Are you aware of a tool that could do it?
Or do you even know if there's a way to check if this function is invertible at all?
This function is from https://www.oiml.org/en/publications/bulletin/pdf/oiml_bulletin_july_2015.pdf, page 11 (numbered 9 in the doc)
I want to be able to invert it with respect to either variable.
The rho function is monotonic for a fixed t :
But not for a fixed p:
For most of my use cases, the problem is much simpler since t is always 20.
The polynom to inverse then becomes
rho(p) =
+ 998.20123 * p ** 0
- 192.9769495 * p ** 1
+ 389.1238958 * p ** 2
- 1668.103923 * p ** 3
+ 13522.15441 * p ** 4
- 88292.78388 * p ** 5
+ 306287.4042 * p ** 6
- 613838.1234 * p ** 7
+ 747017.2998 * p ** 8
- 547846.1354 * p ** 9
+ 223446.0334 * p ** 10
- 39032.85426 * p ** 11
with p in [0; 1]. This is strictly increasing on the intervalle, so it must have a solution for the inverse?

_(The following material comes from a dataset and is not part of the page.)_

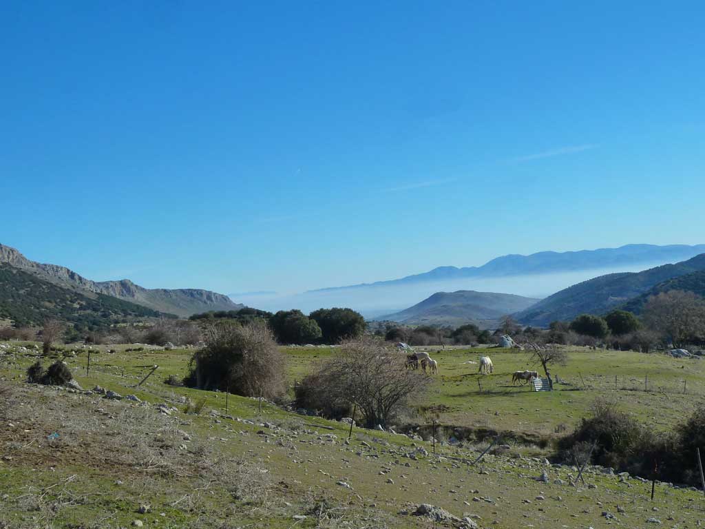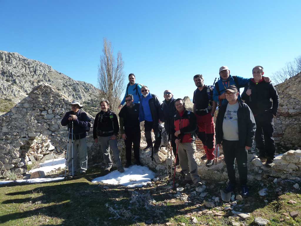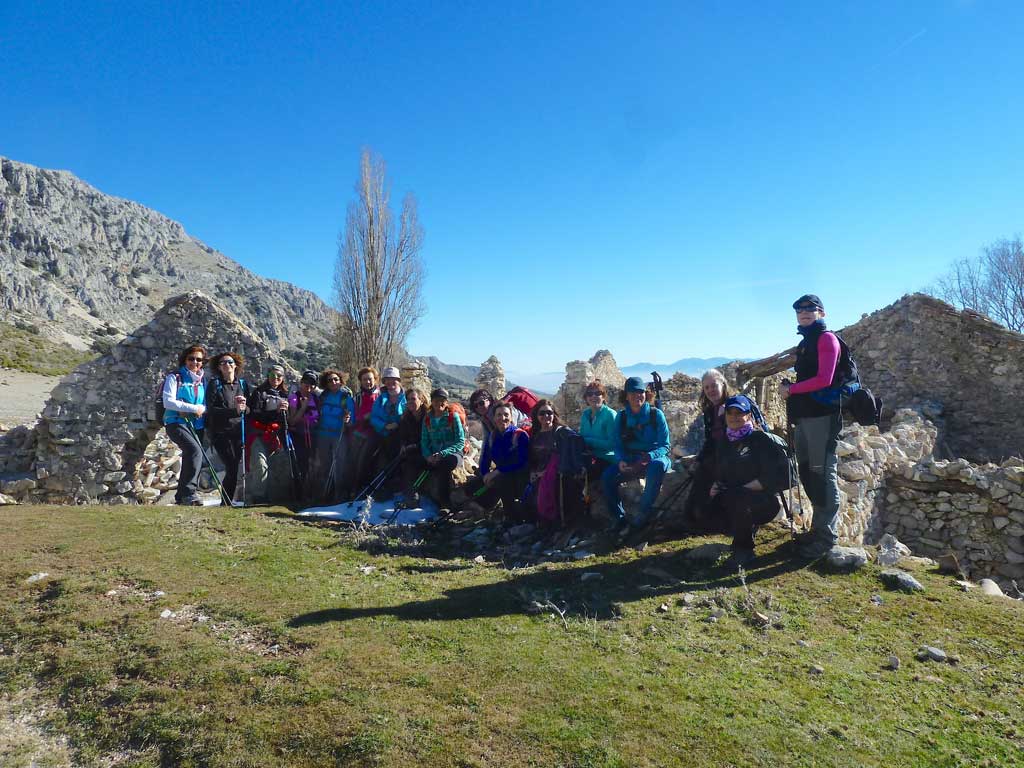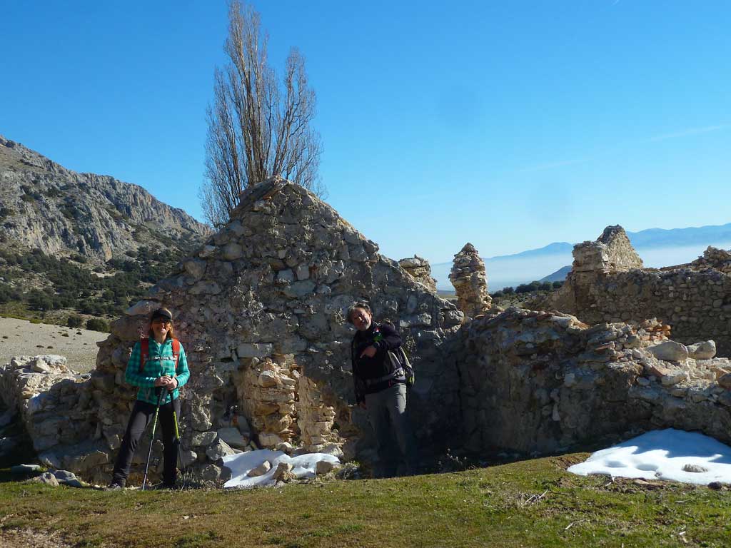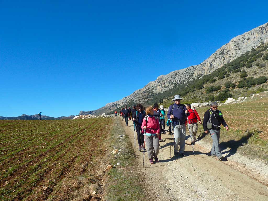 Tras haber dejado atrás mas de dos cortijos ruinosos, algún que otro borriquillo y unas poquitas placas de hielo en las zonas de mayor umbría, por fin llegó uno de los momentos mas amables de la ruta: la degustación de bocatas, frutas y otras viandas…., y, en esta ocasión, por gentileza de nuestra andarina Eva, unas deliciosas magdalenas que nos fue repartiendo.

sympy.solve returns the following roots :
[
1.30502635519079,
-0.282825358240998 - 0.174919557643158*I,
-0.282825358240998 + 0.174919557643158*I,
-0.0229786659460121 - 0.441023703545107*I,
-0.0229786659460121 + 0.441023703545107*I,
0.434132824352787 - 0.596683531853141*I,
0.434132824352787 + 0.596683531853141*I,
0.877616891070605 - 0.549674307713161*I,
0.877616891070605 + 0.549674307713161*I,
1.20382263269017 - 0.326905440295712*I,
1.20382263269017 + 0.326905440295712*I
]
of which only the first one is real. What do i do with it?
Best Answer
In general, it is impossible to write down a formula for the inverse function of a polynomial with degree $\ge 5$. This result is known as Abel's impossibility theorem.
For example, if you want to solve $\rho(t,p) = y$ for $t$, there is no formula we can write down in terms of radicals that works. For this reason, you will need to resort to numerical methods, such as Newton's method, to find a solution.
It also can be difficult to prove that solutions exist. Because $\rho(t,p)$ is degree $6$ in $t$, and the $t^6$ term has a negative coefficient, we can tell that for each $p$ fixed, $\rho(t,p)$ has a maximum value, and therefore there exists $y_p\in\mathbb{R}$ such that $\rho(t,p) = y$ has a solution (not necessarily unique) if and only if $y\le y_p$. Finding $y_p$ is a simple optimization problem, so it suffices to look for solutions to $\frac{d}{dt} \rho(t,p) = 0$, which amounts to solving a degree $4$ polynomial in $t$. This is theoretically possible to do with radicals, but that's actually less efficient than using Newton's method to solve. For fixed $t$, $\rho(t,p)$ is a degree $11$ polynomial, so $\rho(t,p)=y$ always has at least one (and at most $11$) solutions for $p$.
When $t=20$, as you observe $\rho$ becomes a degree $11$ polynomial. Since it is decreasing on $[0,1]$, it has an inverse function, hence for each $y$ in its range, there is a unique $p\in[0,1]$ that solves $y=\rho(p)$. The roots don't help you too much to find an inverse function; the real root is the unique real solution to $\rho(p)=0$. Abel's theorem applies here too, so there is no closed for expression for the inverse function of $\rho$ in this case either, so you will need to resort to numeric methods here too.